Макс редко испытывает отвращение — для нее это чувство чужое, травящее, но именно сейчас оно поселяется в ней. Нет, не к Хлое — наверное, на месте кардиохирурга она поступила бы так же, — отвращение к самой себе.
Рейчел выглядит как спящая красавица — ирисовые волосы с золотыми нитями, розоватые губы, безмятежное лицо; Макс жалеет, что не взяла с собой фотоаппарат, хоть и понимает, что делать сейчас снимок — кощунство.
Рейчел выглядит так, будто ее облили солнечным светом с головы до ног.

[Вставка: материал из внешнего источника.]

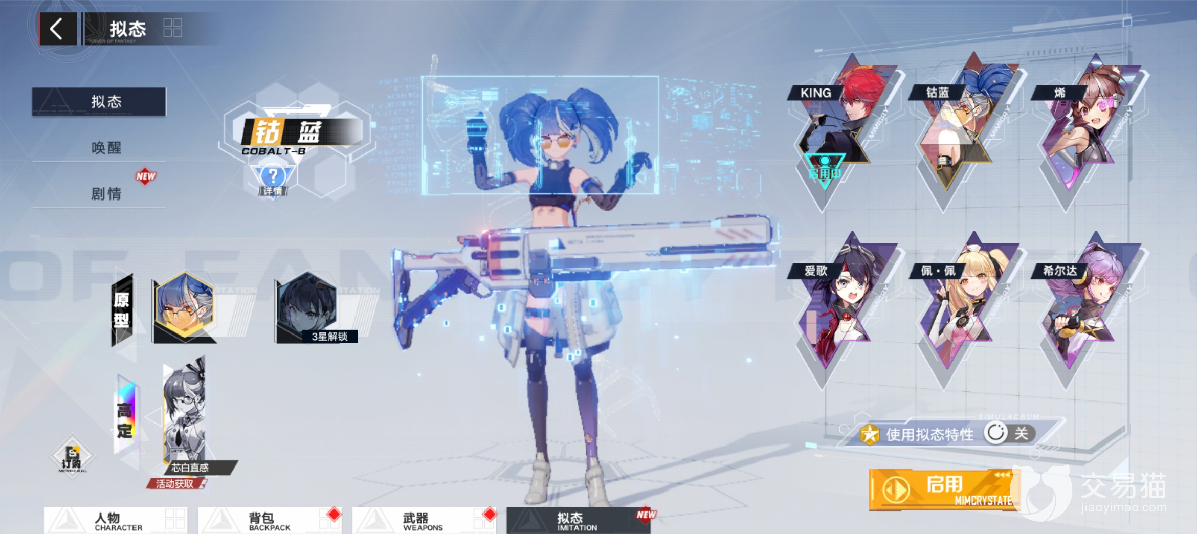 当然,除了外型展示之外,还有辅助增加效果。只是初级拟态是没有加成的,提升拟态的唤醒值之后就会有额外的加成,SSR品级的加成会比SR品级更高一点。而且唤醒值越高,拟态和角色的亲密度也越高,其拟态的故事背景也越详细。

Неудивительно, что Хлоя растворилась в ней, замерла пузырьком в этом теплом и живом янтаре. Для нее Рейчел была близкой и досягаемой. Желанной.
Но не живой, прикусывает губу Макс.
Как она могла позволить так себя обманывать?
Неужели каждое воспоминание, каждая улыбка, каждый полароид — все это ложь? А если нет, то остается один-единственный вопрос...
— Кто же ты для нее теперь, Эмбер? — одними губами спрашивает она.
====== XVII. Fractus. Part 2. ======
оставайся со мной, даже если наступит ночь.
распахни эти окна, если наступит день.
будь со мной, и тогда всем на свете смогу помочь,
даже если меня сломали конкретно ‘те’.
Цок-цок.
Звон каблуков черных лаковых лодочек пронзает тишину коридора, забирается в кабинеты и рассыпается о невидимые барьеры.
Цок-цок.
Ее ненавидит — действительно ненавидит — каждый из находящихся в этом богом забытом месте; просто потому что она — это она.
Цок-цок.
Кофе без кофеина, молоко без лактозы, жизнь без сахара — про все такое говорят, кажется, «sugar free».
Бессердечная ледяная сука. Сущая стерва. Настоящая змея. Но никогда — о нет, на это они не отваживаются — никогда не эгоистка.
Эгоисткой ее может назвать бог, ну или Прескотт, ну или могла назвать Марш, прицепившаяся к ней с этим вопросом — «Вы ведь думаете о боге, когда оперируете?» — нет, маленький игривый котенок, я думаю о том, как бы правильно сделать разрез, чтобы этот кусок мяса не умер прямо тут и меня не засудили.
— Конечно, я думаю о боге, — протягивает Виктория, губами выпуская на волю сизый дым, зажимая меж наманикюренных пальцев ментоловую сигарету. — Например, о том, что он поднял цены на бензин. Вот урод.
О Прескотта она спотыкается, как спотыкаются о камешек на пути: не больно, но шаг замедляется, и этих нескольких секунд хватает, чтобы понять: Нейтан — темнота, так желанная ей. Он не знает других оттенков, кроме черного и серого, оттого Викторию так тянет к его монохромности. Без сахара. Без лактозы. Без цвета.